The best of Brisbane and beyond

Brisbane, the urban crown of Queensland, should need little introduction. But bafflingly, this up-and-coming city, one of Australia’s fastest growing, has – until now – been somewhat overshadowed by its showier rivals.

Blessed with opportunity and sunny skies, Brissie balances a laid-back, outdoorsy vibe with the excitement of a global city. This is a place described as ‘beautiful one day, perfect the next’, where the surrounding shoreline is dubbed the Sunshine Coast, and it certainly is T-shirt weather pretty much all year round.

Locals enjoy a gloriously al-fresco lifestyle, with a boardwalk that loops the water, jet-skiing commuters and a man-made beach for those craving an urban dip.

But this relaxed city is by no means sleepy.

Multiple high-end hotels have opened in the past two years, a lively craft beer scene is evolving, and riverside the once derelict Howard Smith Wharves have been transformed with a multi-million dollar refurbishment.

Here are seven more of the best experiences in Brisbane and beyond.

1. Drink some criminally good beer
Under the curves of Story Bridge (which light up at night), Felons Brewing Company was the first development of Howard Smith Wharves to open, and also somewhere you can drink a beer on the water’s edge.

The name of the bar pays homage to the first settlers to discover the Brisbane River – four seafaring felons who were said to be terrible adventurers, but somehow found a cracking spot.

But it’s also a forward-thinking joint. The brewers are experimenting with more adventurous flavours, says general manager Ash Cranston, aware that the Aussie climate demands beers that are enjoyable rather than knock-you-out strong.

All beers are vegetarian and vegan, and an anaerobic composter, fondly referred to as Chloe, breaks down waste into 400 kilos of fertiliser each week.

2. Escape in a hot-air balloon
Heading out at 4am may not sound like your ideal holiday experience, but the brutal early start is undoubtedly worth it. Rising higher than a 10-storey building, these balloons carry up to 24 people and take off in the midst of the Scenic Rim’s hinterland, less than an hour’s drive from the city.

Within minutes, neck-tickling blasts of hot air lift you a thousand metres above the ground, to drift wherever the wind is blowing. Peace is easily found floating in the clear blue sky so early in the day, gazing over the fields, forests and mountainous outlines that stretch into the horizon.

The perfect end to this wind-blowing voyage is a champagne breakfast at O’Reilly’s Vineyards, a gorgeous spot in the Canungra Valley, which breaks up the return journey.

A half-hour flight, champagne breakfast and return city transfer is $369 per adult, $319 per child. Visit

3. Make some furry friends
Despite the name, Lone Pine Koala Sanctuary has much more to offer than Australia’s cutest national icon. Docile and dozing in the sun, you can get within selfie range of kangaroos, but make sure you don’t touch the joeys.

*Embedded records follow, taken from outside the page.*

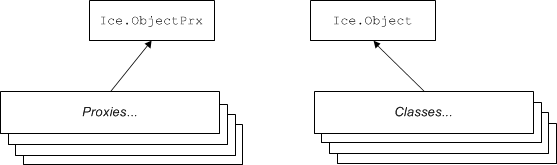 Like interfaces, classes implicitly inherit from a common base class, Ice.Object. However, as shown in the illustration below, classes inherit from Ice.Object instead of Ice.ObjectPrx (which is at the base of the inheritance hierarchy for proxies). As a result, you cannot pass a class where a proxy is expected (and vice versa) because the base types for classes and proxies are not compatible.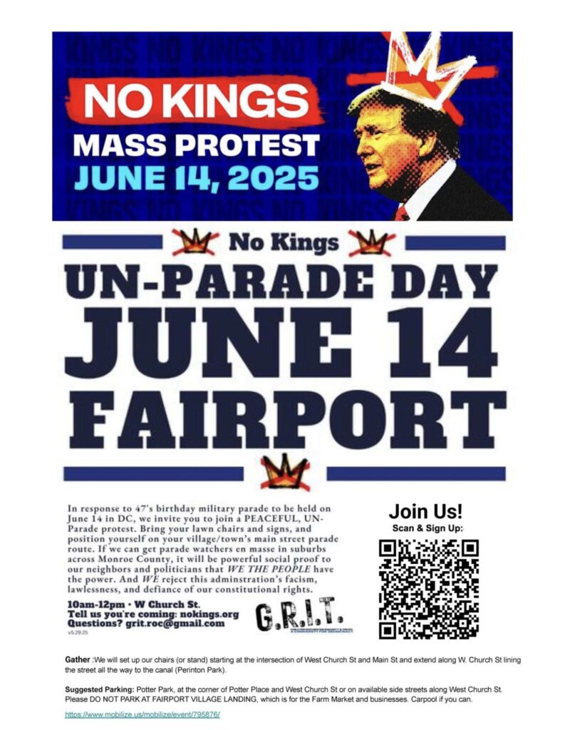 In June for NO KINGS on Trump’s birthday, we did something really huge. GRIT organized and marshaled protests in Fairport, Pittsford, Brighton, Henrietta and Irondequoit.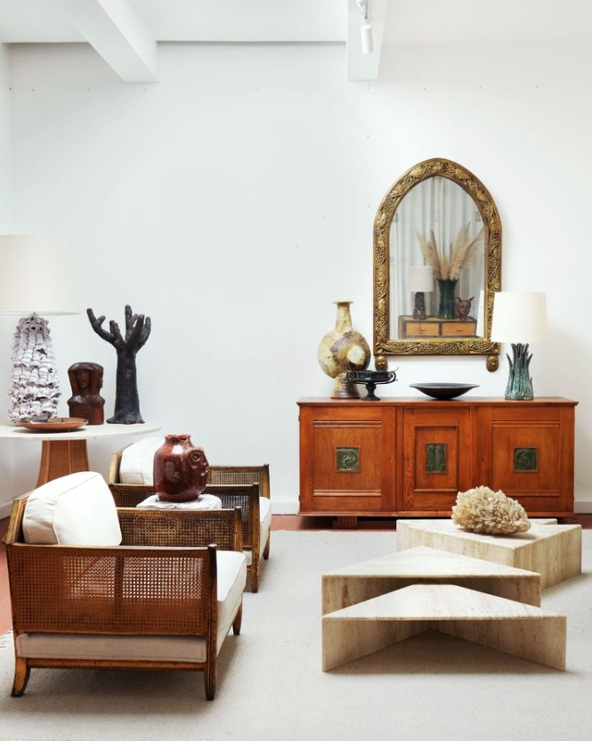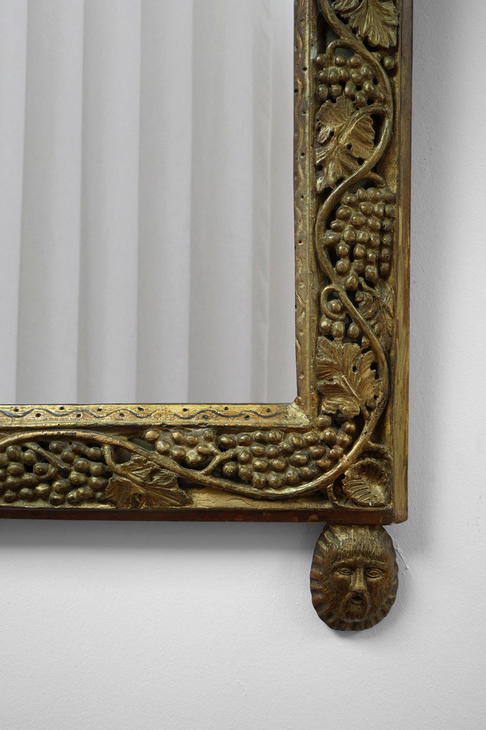 Important gilded wood, molded and carved pediment mirror with vine branches and mascarons decoration. France, XXth c.
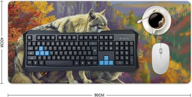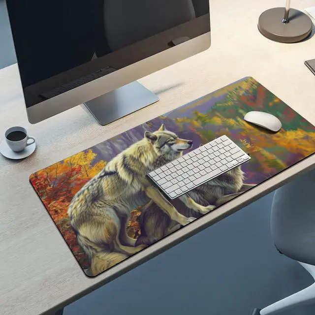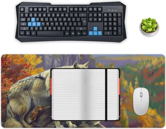 QEOPGNE Wolves Mousepad Large Wolf Mouse Pad Gaming Autumn Mountain Wolf Desk Mat Full Desk Keyboard Computer Pad Wildlife Animals Computer Mouse Mat for Gaming Office Home 35.4 x 15.7 Inch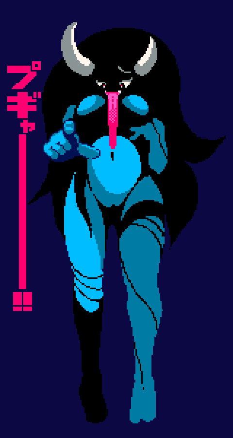 挑発する鬼の女の子 #ドット絵 #鬼娘 #メスガキ pixiv.net/artworks/83337…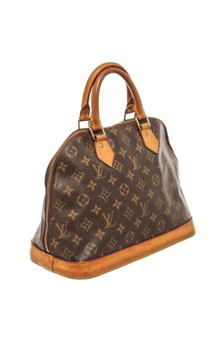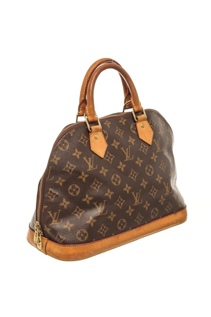 One Louis Vuitton Brown Monogram Alma PM Bag. Item is sold AS-IS. All available information is listed in the description and shown in the photo. Louis Vuitton Brown Monogram Alma PM Bag with top handle, canvas lining, interior slip pockets, gold tone hardware, zipper closure. There is some wear on the bottom of the bag and handles. Please refer to photos. Height: 9.1" Width: 14.2" Depth: 6.1", Handle Drop: 3.1" / 23.11 x 36.06 x 15.49 Cm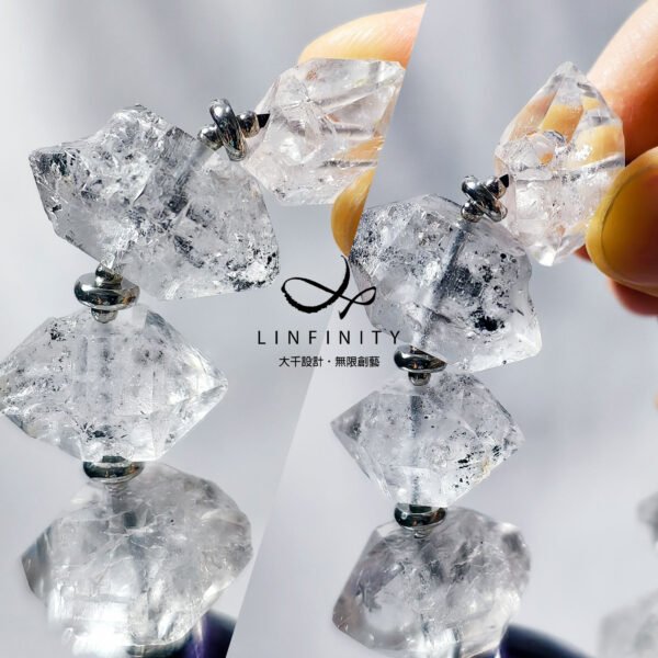 閃靈鑽以天然晶體造型為美,銳角皆經適當打磨,初戴前幾個月仍能感受礦體原始、略粗糙之觸感,故不宜貼合手腕配戴,建議略戴寬鬆為宜,經長時間配戴後,晶體銳角會更為圓潤舒適,請買家自行斟酌配戴習慣^^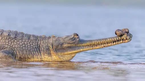 It's a fish-eating crocodile that has a long, narrow snout, is native to the rivers of northern India. The gharial's unique jawline is adapted to catch fish, its primary diet. Habitat destruction and fishing nets have contributed to its critically endangered status.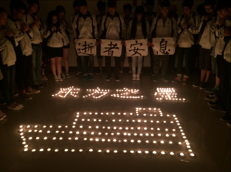 在活动现场,同学们用白色蜡烛在地面上摆出了“东方之星”的字样,在字体的下方是一个用蜡烛摆成的轮船图样。当室内的灯熄灭以后,只有那些蜡烛释放着光亮,全场一片静默,在场的同学围在点燃的烛火周围,抱拳低头默哀着。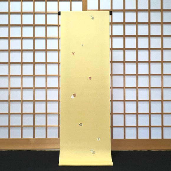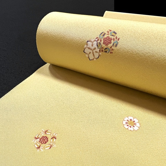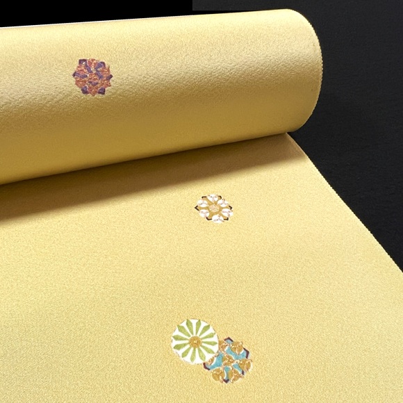 上質な白生地「凛」を落ち着いた黄色に染め、彦根更紗を散らした小紋です。
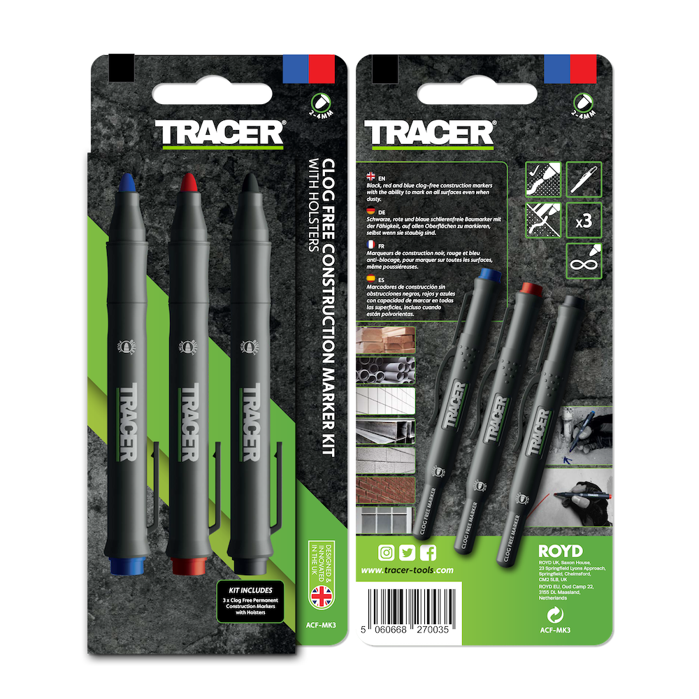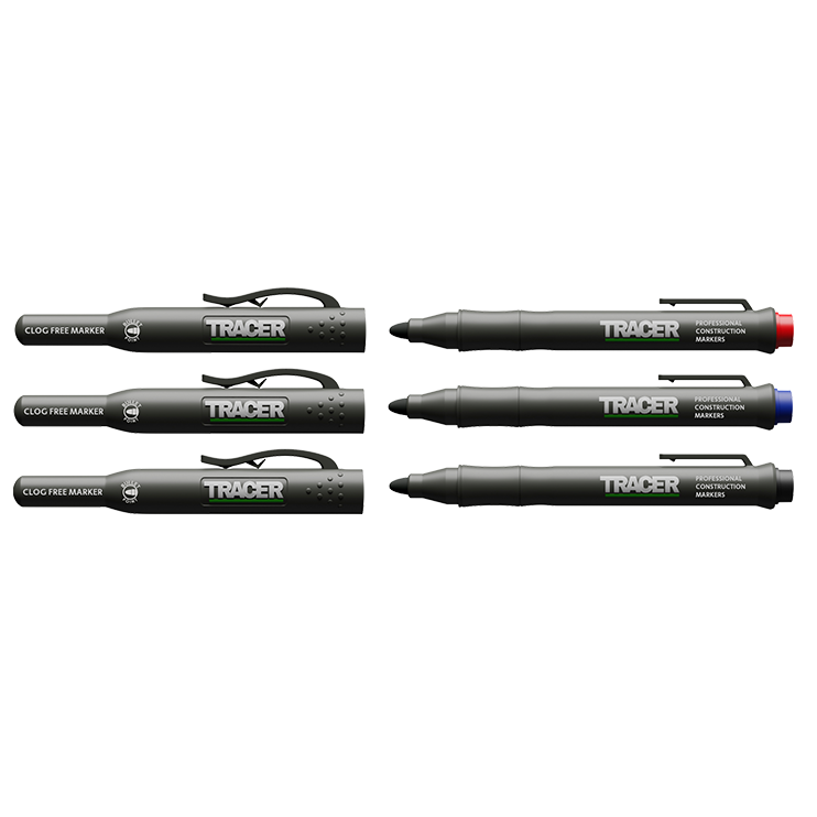 Tracer clog free tusch sæt 1xsort, 1xblå, 1xrød. I æske. 10 æsker i display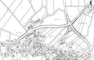 hier: räumlicher Geltungsbereich B-Plan „Verlegung der Landesstraße L 3207“ OT Uttrichshausen, Plan genordet, ohne Maßstab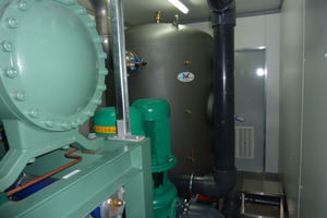 Die Rückkühlanlage zur Kühlung des Testwassers aus dem Test-Center Remscheid bildet eine funktionierende Einheit mit zentral programmierbarer Steuerung (SPS-S7-200) der Kühlwassertemperatur und automatischer Wahl der Kältemaschine oder Freikühler abhängig von der Außentemperatur. Gewählt wurde ein „Frigoline-Verbund“ („FK/4CSW 8593-125Y”, Qo = 1600 kW, to = +10 °C, tc = +45 °C, R134a).
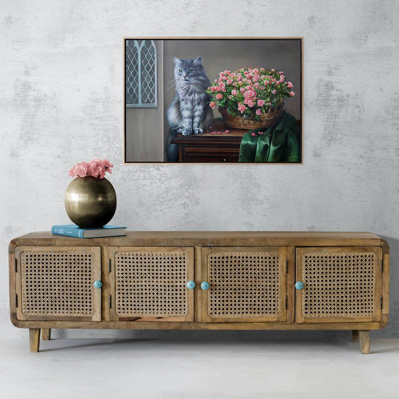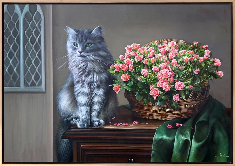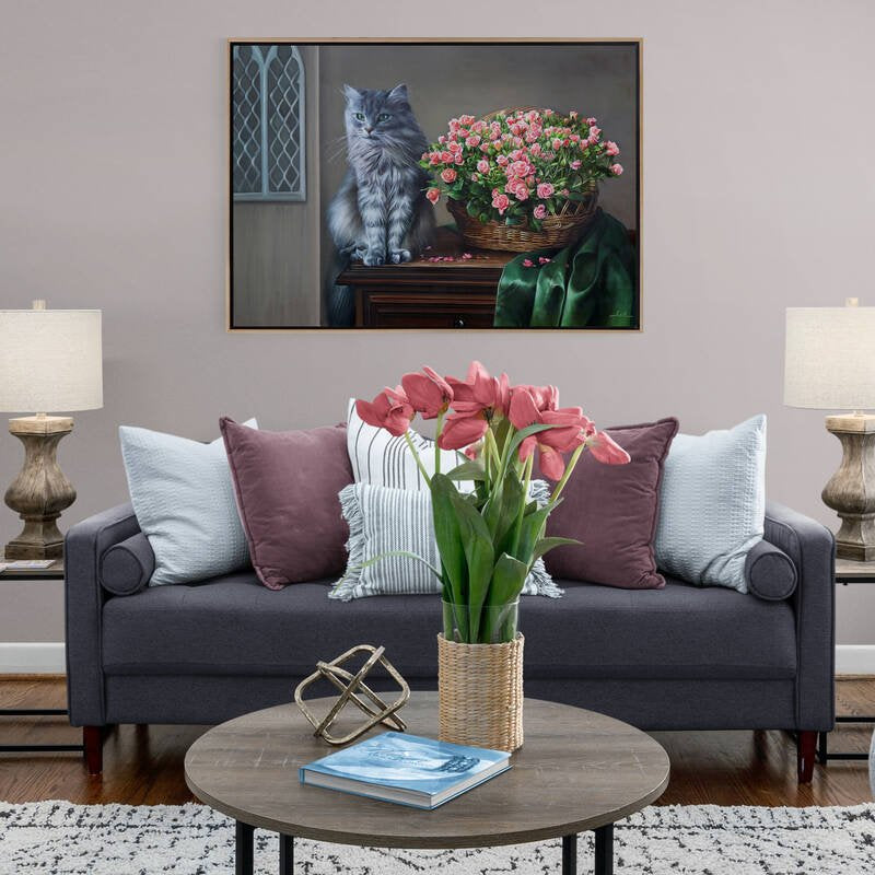 Sepette Pembe Güller ve Kedi Siparişe Özel Yağlı Boya Tablo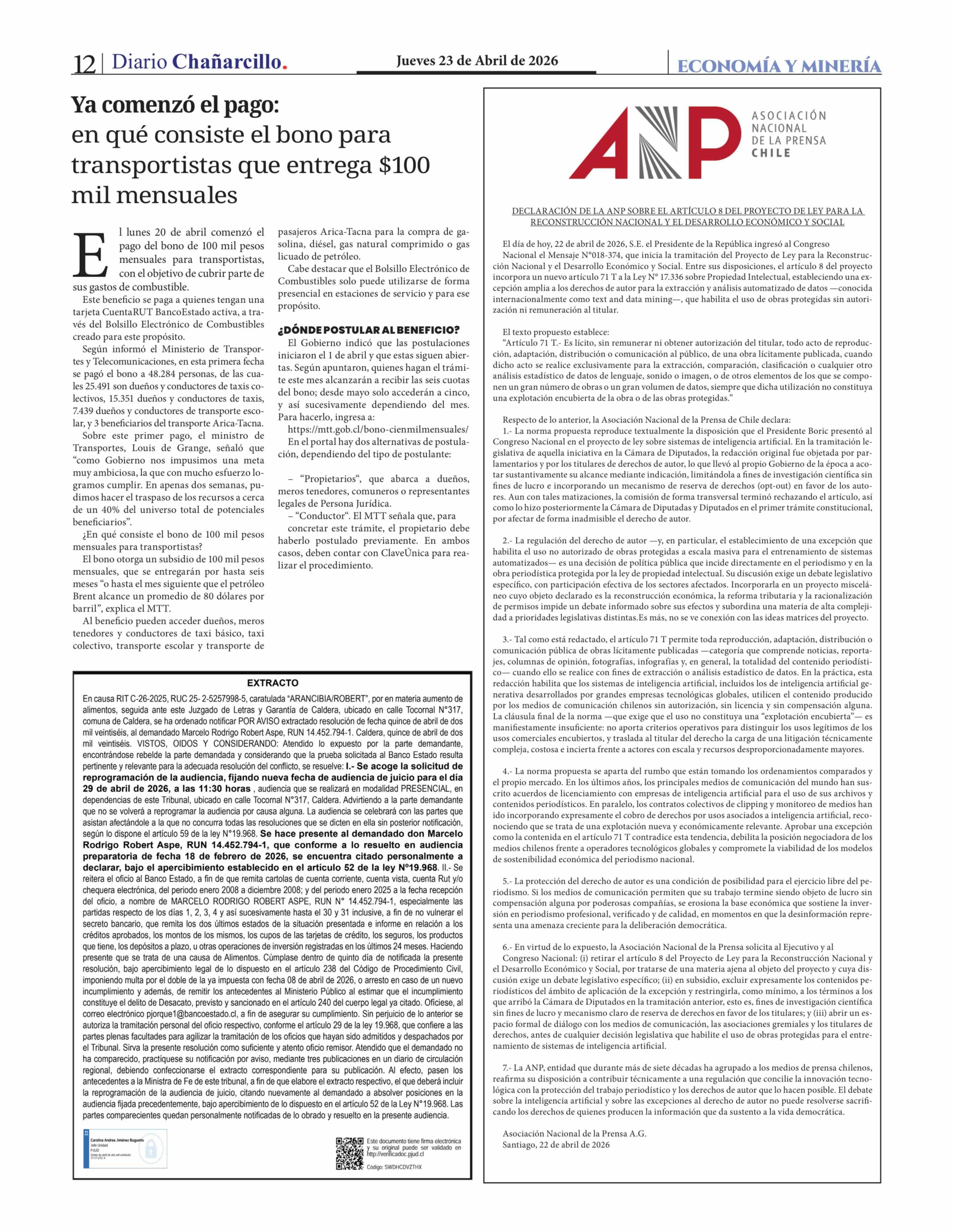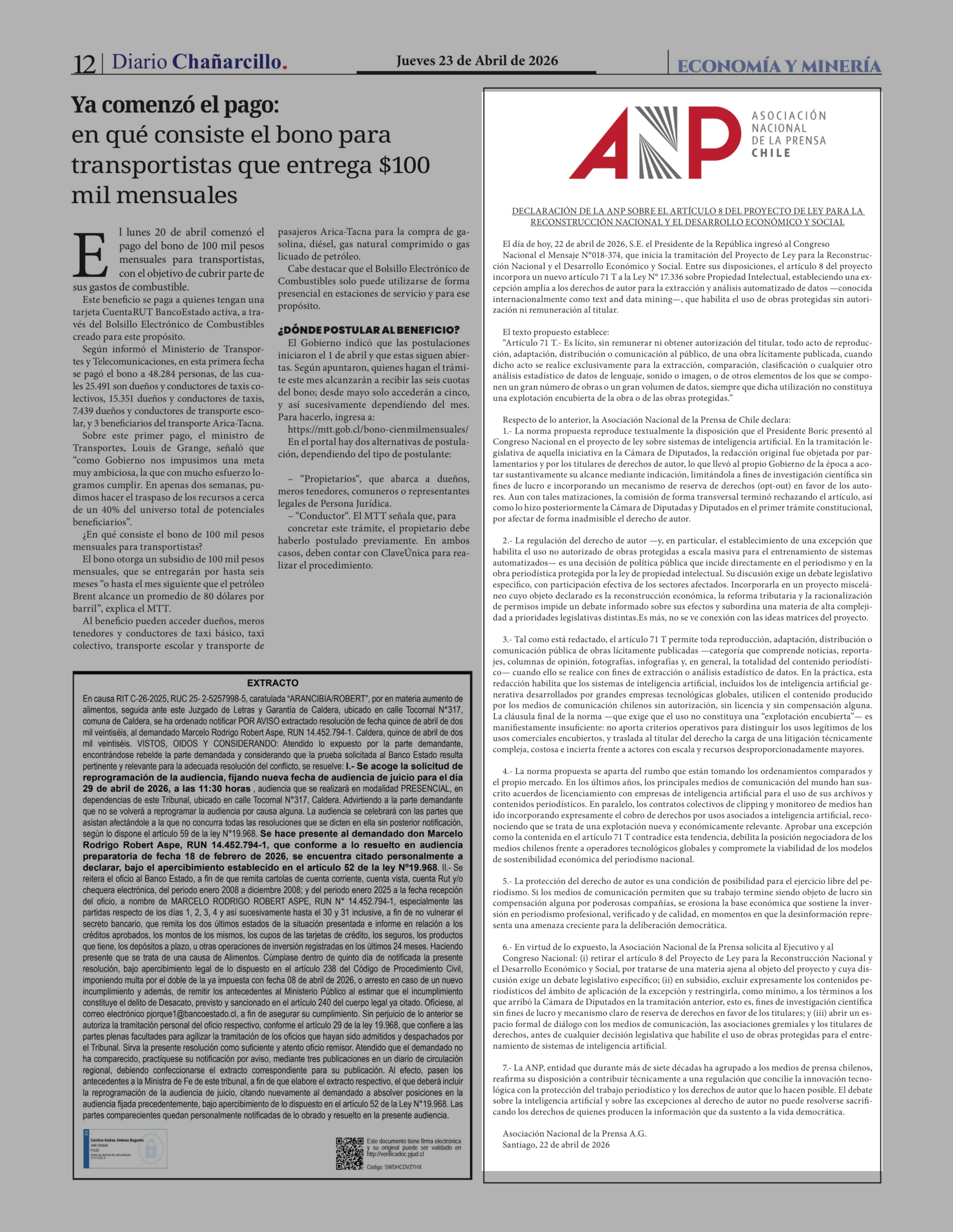 Fuente: Diario Chañarcillo (Diario Chanarcillo) Página(s): 12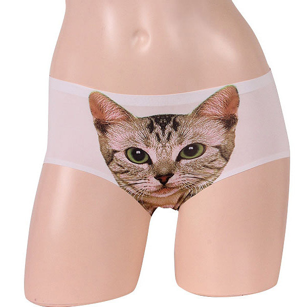 とことんハジけたもん勝ち!人気爆発中の猫プリント入りホワイトショーツ。股の間から猫の顔が飛び出すぞー。※こちらの商品は受注発注商品の為、ご注文から発送までに3、4営業日掛かる場合が御座います。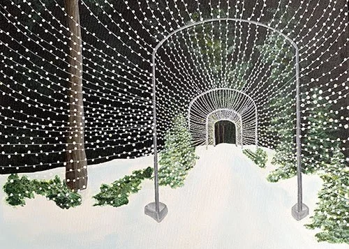 Artist Tara Devine was inspired by the annual tradition of light displays on Grouse Mountain in creating Light Walk, included as the December image in the 2022 You Are Here Calendar.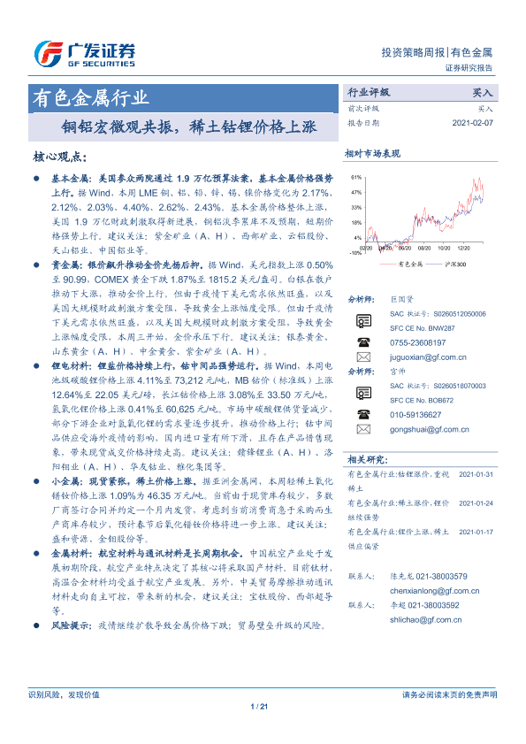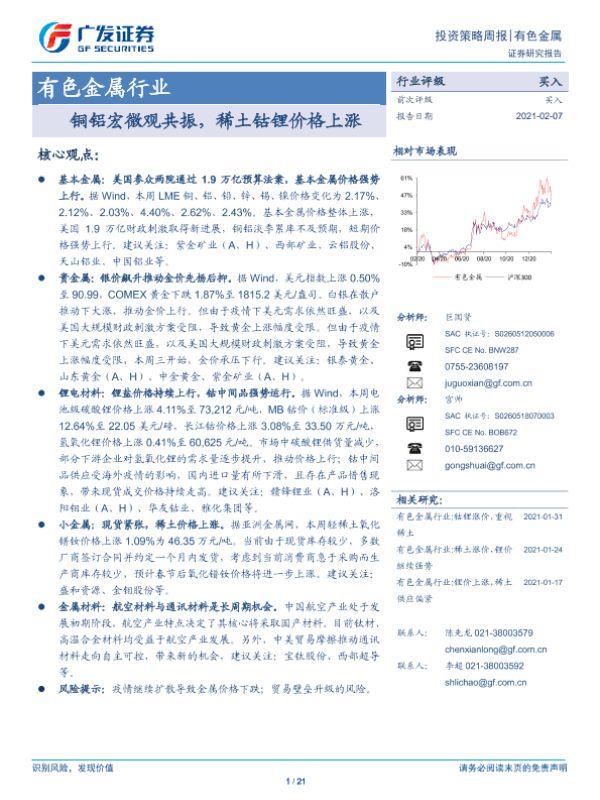 【广发证券】【20210207】20210207-广发证券-有色金属行业投资策略周报:铜铝宏微观共振,稀土钴锂价格上涨-21页

Take the Koala Express – a 40-minute boat – from the heart of Brisbane, for a waterside view of the suburbs; just be prepared for the steps up from the jetty. Otherwise it’s a 20-minute drive south-west.


4. Go Greek and visit James Street
Nestled in the heart of Fortitude Valley, new urban resort The Calile Hotel is the epitome of understated chic. An abundance of neutrals jazzed up with rose gold and marble accents gives this hotel a clean, crisp feel, while Instagram moments abound among the cabanas poolside.

The hotel’s new restaurant, Hellenika – the sister venture of Simon Gloftis’ renowned Gold Coast eatery – boasts an excellent aubergine moussaka. A banquet platter for your poolside table is the best way to experience the variety and depth of this beautiful Mediterranean cuisine.

If you’re not too full, meander along the upmarket James Street and browse its cluster of boutiques. Visit

5. Stroll along the south bank
Get to know Brisbane’s cultural heart and history with a BlackCard tour.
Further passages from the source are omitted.